The case, Kramer v. Trans-Lux Corp., No. 3:11cv1424 (D. Conn. September 25, 2012), involved a Vice President of Human Resource’s complaints of improper pension practices by the company’s CFO and CEO. Specifically, the VP complained that the CFO and CEO had implemented a decision to freeze salaries without first presenting the proposal to the company’s board of directors or filing with the SEC. When the VP’s initial internal complaints were ignored, he sent a letter to the SEC notifying it of the improper actions. Shortly thereafter, the VP was terminated. He subsequently filed a Dodd-Frank “whistleblower” claim against his employer, alleging that his termination was in retaliation for the letter that he sent to the SEC. The company filed a motion to dismiss, arguing that the Act’s definition of “whistleblower” is limited to employees who contact the SEC “in a manner established, by rule or regulation, by the Commission.” Because the VP had provided information via an informal letter rather than in a manner required by the SEC, the employer argued, he was not a “whistleblower” under Dodd-Frank.
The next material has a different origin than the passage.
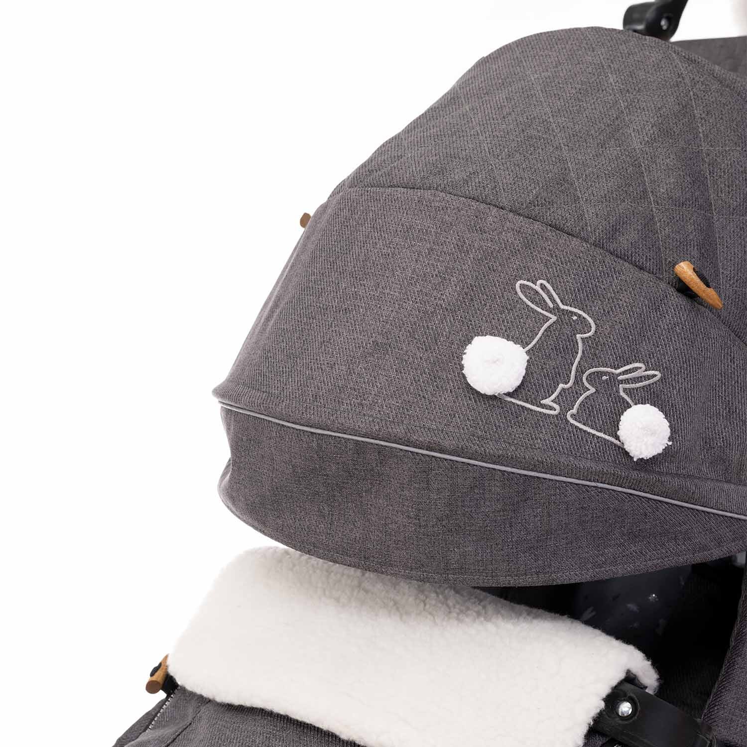 • Съемный  прозрачный тент от ветра и дождя, крепится к чехлу коляски на пуговицу

In deciding the case, Judge Underhill of the District of Connecticut was required to decide whether Dodd-Frank’s general definition “whistleblower,” with its “manner established by rule or regulation” requirement, also applies to the Act’s anti-retaliation provisions, which appeared to more broadly include informal complaints of the type "protected under [Sarbanes-Oxley]." The Judge ruled that Congress intended for the anti-retaliation provision to provide broader protections than the general definition would allow: “[the general definition’s] requirement that the information at hand have been provided ‘in a manner established, by rule or regulation, to the Commission’, does not apply to [the retaliation provision].” The judge relied upon the SEC’s own rule interpreting the whistleblower provision, and concluded simply that “[d]isclosures that are protected under Sarbanes-Oxley's whistle-blower provisions are also protected under the Dodd-Frank Act's whistle-blower provisions.”
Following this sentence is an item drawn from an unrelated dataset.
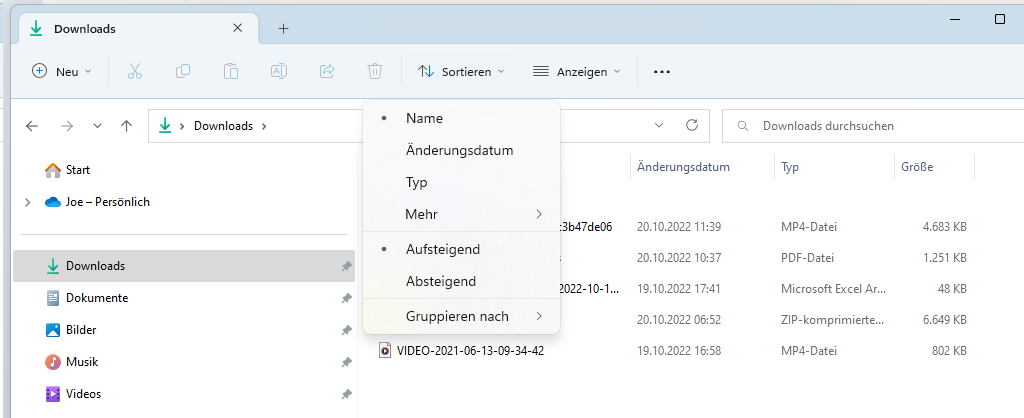 ich habe gerade das unerklärliche Problem, dass der Explorer unter Windows 11 (neuste Version, alle Updates eingespielt) immer neue Ordner die ich im Ordner Downloads anlege nach dem Änderungsdatum sortieren will und nicht nach dem Dateinamen.

If adopted by other courts, this ruling effectively allows plaintiffs to simultaneously enjoy the most claimant-friendly provisions of both Dodd-Frank and Sarbanes-Oxley: Dodd-Frank’s longer limitations period and larger awards, and Sarbanes-Oxley’s broader protections including informal complaints. Notably, however, this decision is in conflict with a June 2012 ruling by Texas district court, which held the opposite: that a whistle-blower's internal complaints did not qualify him for protection from retaliation under Dodd-Frank. This issue will almost certainly be sorted out by the federal Courts of Appeals; in the interim, employers should be aware that Dodd-Frank “whistleblower” claims are looking attractive for plaintiffs and plaintiffs’ counsel.